- [What is required] The task calls for an exact retyping of the lines from the one holding "Сдам 1 комнатную" through the end of the listing, with pictures omitted and nothing added.
>>>>>
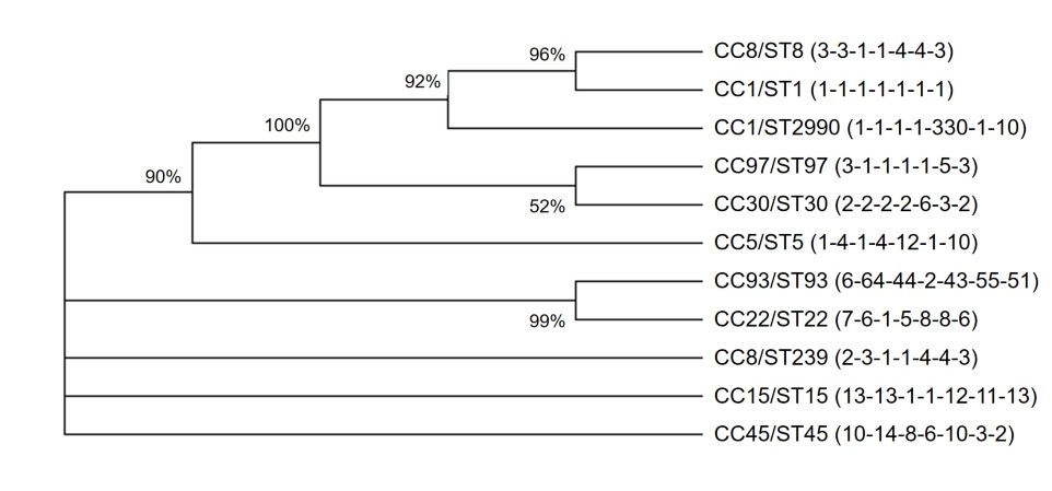The concatenated allelic sequences of the seven housekeeping genes (arcC, aroE, glpF, gmk, pta, tpi, and yqiL) for the central STs of the major clonal complexes (CC1, CC5, CC8, CC15, and CC97) and other frequently encountered clonal complexes (CC22, CC30, CC45, and CC93) were used to construct a phylogenetic tree. Multiple alignments of the concatenated sequences were performed by Molecular Evolutionary Genetics Analysis (MEGA) X39. Next, the aligned sequences were subjected to a statistical selection of best-fit phylogenetic model using jModelTest version 2.1.640. An unrooted tree was subsequently inferred via the ML method using MEGA X software.
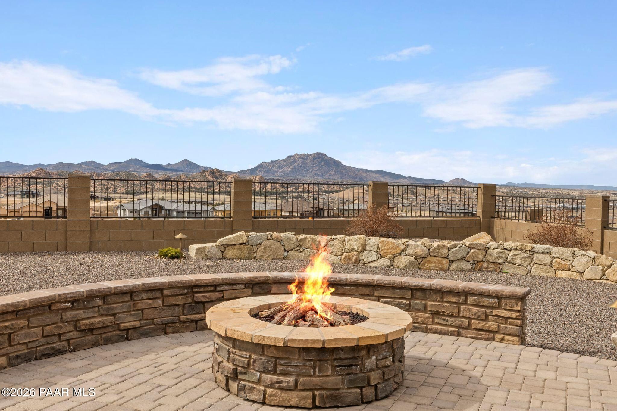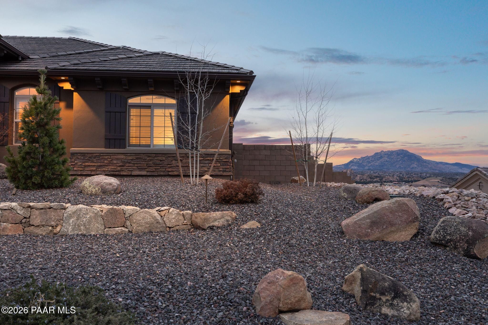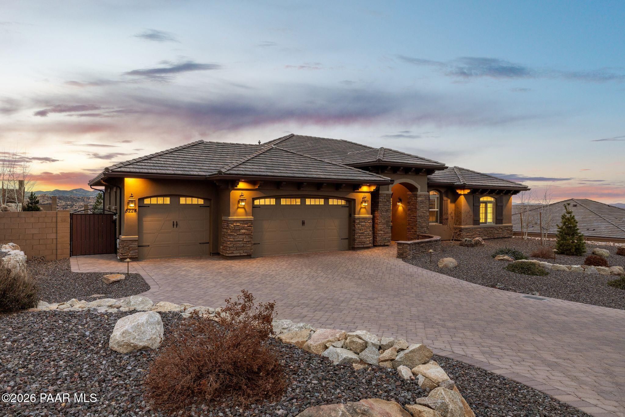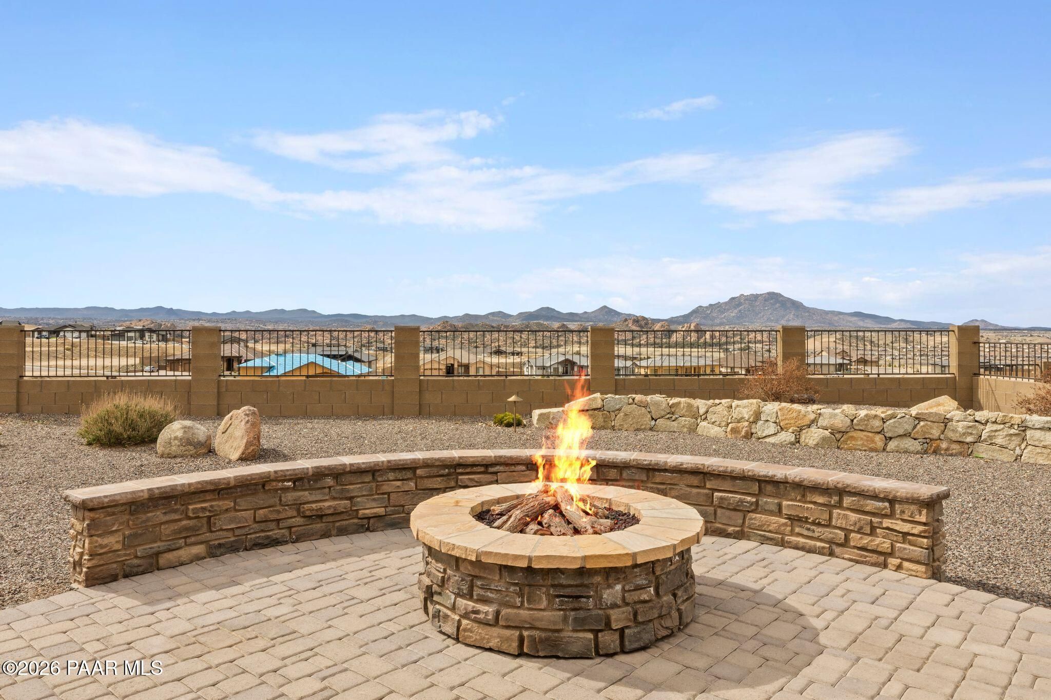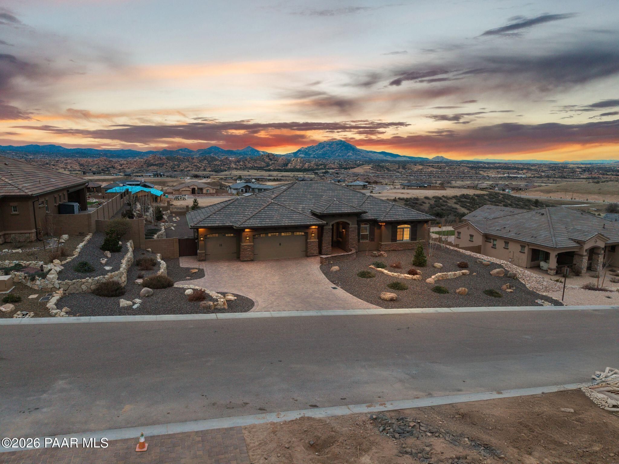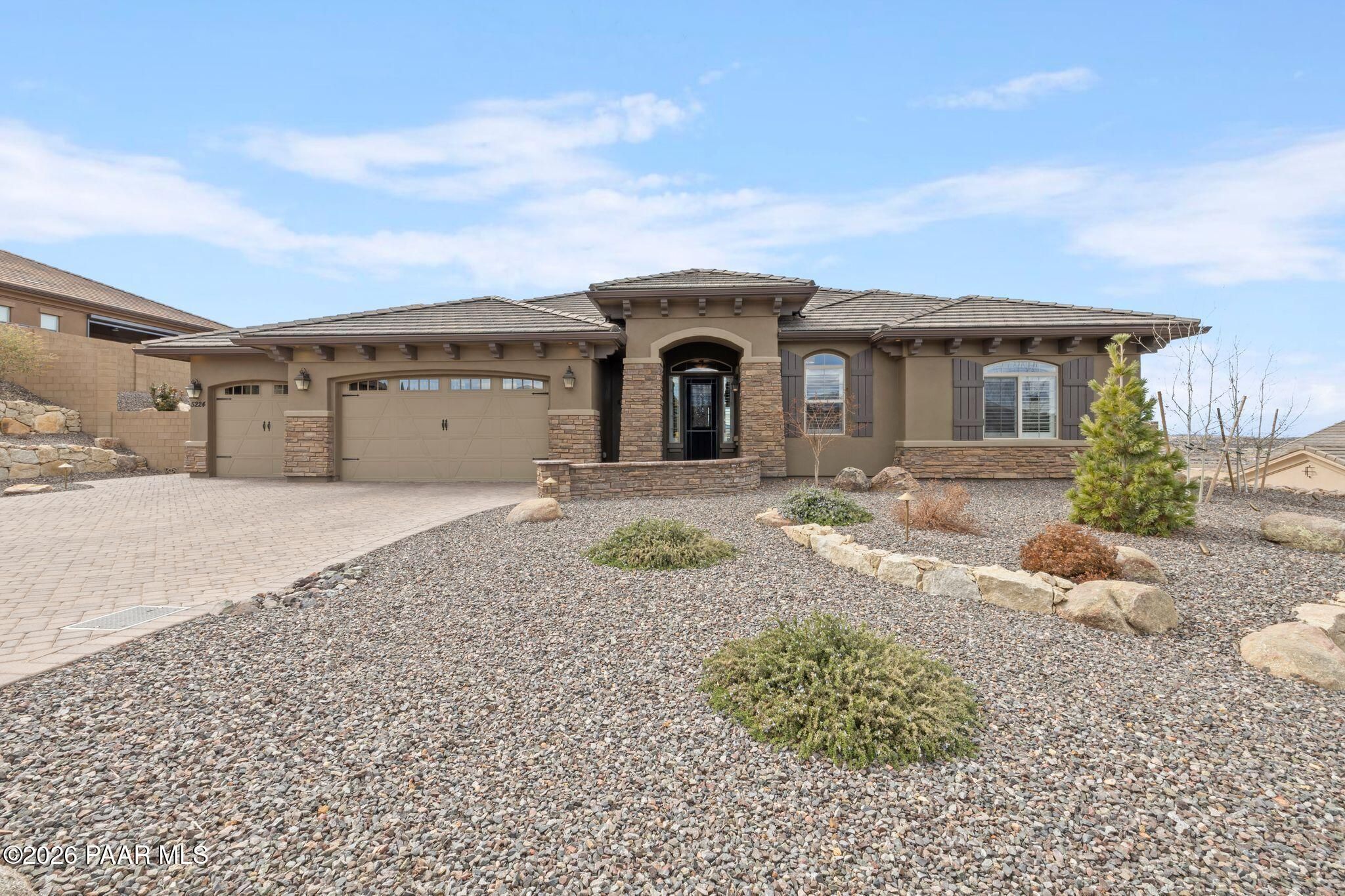 This executive residence at 5224 Dells Point Rd, built by Carrington Homes in the gated community Sunset Rdige in the Granite Dells Estates subdivision, offers a luxurious and custom living experience with breathtaking views of Granite Mountain and The Dells. Key Features Include:Exterior & Location: Superior full-exterior shear construction, premium landscaping with custom rock walls and a water feature, accent and landscape lighting, and an expansive covered outdoor patio with a Big Ass Ceiling Fan, a natural gas fire pit with a seat wall, and a hot tub pre-wire.Interior Luxury: A gourmet kitchen with Wolf, Sub-Zero, and Cove appliances, Quartz countertops, a walk-in pantry, and Kinetico RO drinking water. The flexible floor plan includes 2 bedrooms plus a den/potential third bedroom. High-end finishes include custom wood shutters, Hunter Douglas shades, custom Hubbardton Forge lighting, Monte Carlo Maverick ceiling fans, and a den with built-in cabinetry and a desk.Amenities: Includes all existing televisions, a Speed Queen washer and dryer, and a whole-house Kinetico Water Softener.Oversized Garage: A 3-car extended, fully insulated garage with epoxy flooring, upgraded insulated doors and openers, a central vacuum, utility sink, custom workbench/cabinetry, EV pre-wire, and a built-in sound system.
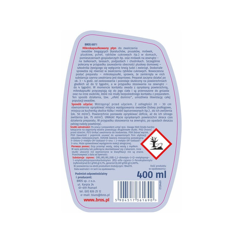 007 mikrokapsuliuotas blakių ir sidabrinių žuvelių vabzdžių purškiklis, 400 ml 15941999
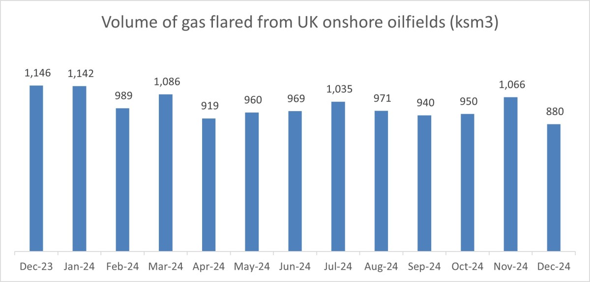 Volume of flared gas at UK onshore oil fields: 880ksm3
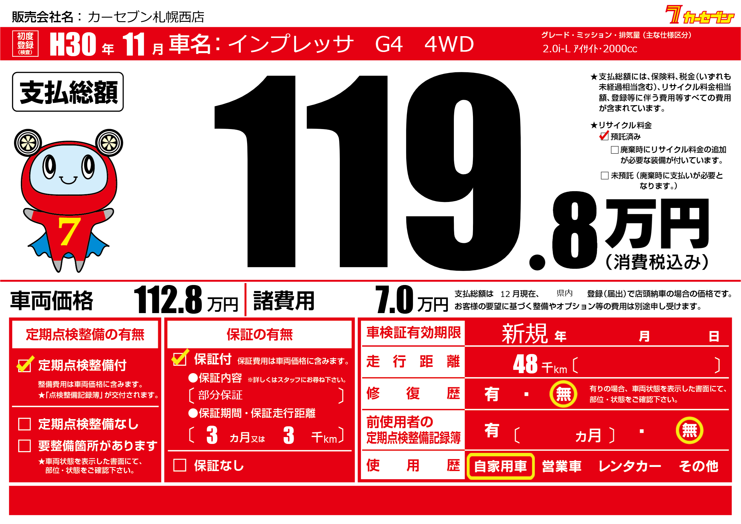 | 車名 | インプレッサ G4 4WD | グレード ミッション 排気量 |
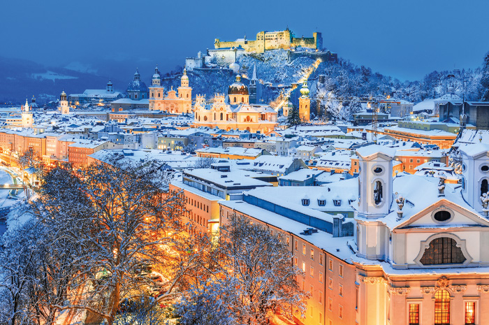 Excursion à Salzbourg, ancienne cité des Princes-Archevêques et ville natale de Mozart. Visite guidée de la vielle ville aux maisons garnies, la célèbre Getreidegasse ou rue des enseignes, la maison natale de Mozart (extérieur). Déjeuner au restaurant. Après-midi libre pour profiter du très beau marché de Noël autour de la cathédrale. Retour à l’hôtel, dîner et logement.
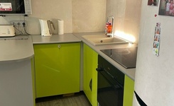Сдам 1 комнатную квартиру (45 кв.м.) на 6 этаже. Квартира очень светлая и теплая. В квартире есть стиральная машина, холодильник, эл.плита с духовкой. Из мебели:кухонный гарнитур, встроенный шкаф, диван, стол.
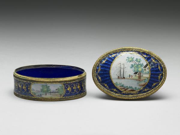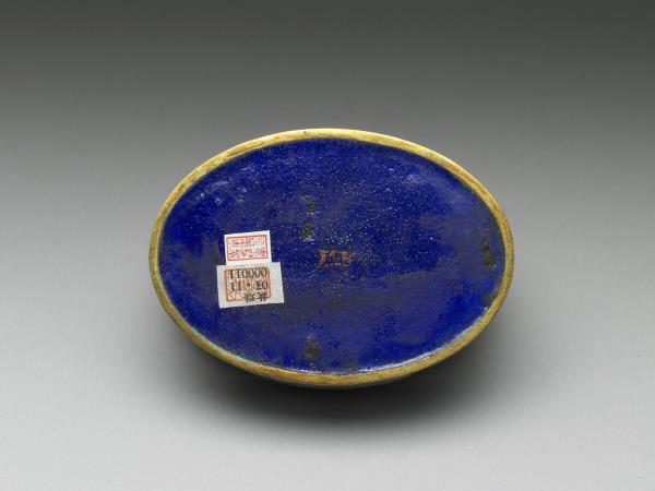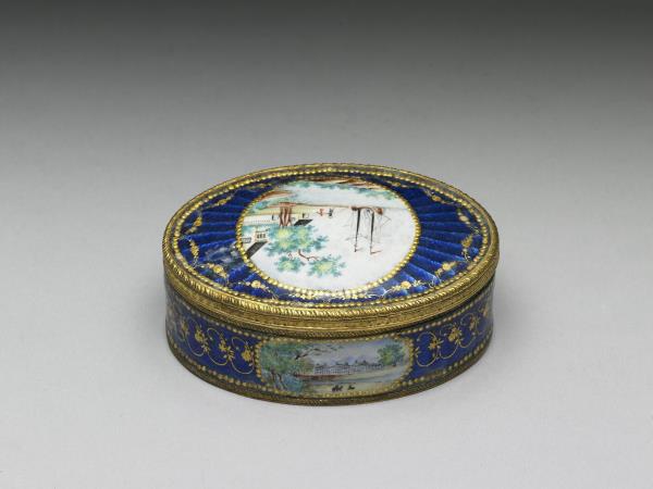 銅胎蓋盒,盒身邊緣有雕銅花邊,蓋與器壁皆開光彩繪西洋風景畫,其餘以藍色透明琺瑯並以金箔刻花琺瑯裝飾,底為藍色琺瑯。一組共九件(故琺6-14),合儲於雕福壽木盒中,內有糊橘色綾與錦座。罕見成組盒裝西洋琺瑯盒,或為廣州生產,應為進貢之用。
<<<<<
- [Exercise result]
Сдам 1 комнатную квартиру (45 кв.м.) на 6 этаже. Квартира очень светлая и теплая. В квартире есть стиральная машина, холодильник, эл.плита с духовкой. Из мебели:кухонный гарнитур, встроенный шкаф, диван, стол.
 銅胎蓋盒,盒身邊緣有雕銅花邊,蓋與器壁皆開光彩繪西洋風景畫,其餘以藍色透明琺瑯並以金箔刻花琺瑯裝飾,底為藍色琺瑯。一組共九件(故琺6-14),合儲於雕福壽木盒中,內有糊橘色綾與錦座。罕見成組盒裝西洋琺瑯盒,或為廣州生產,應為進貢之用。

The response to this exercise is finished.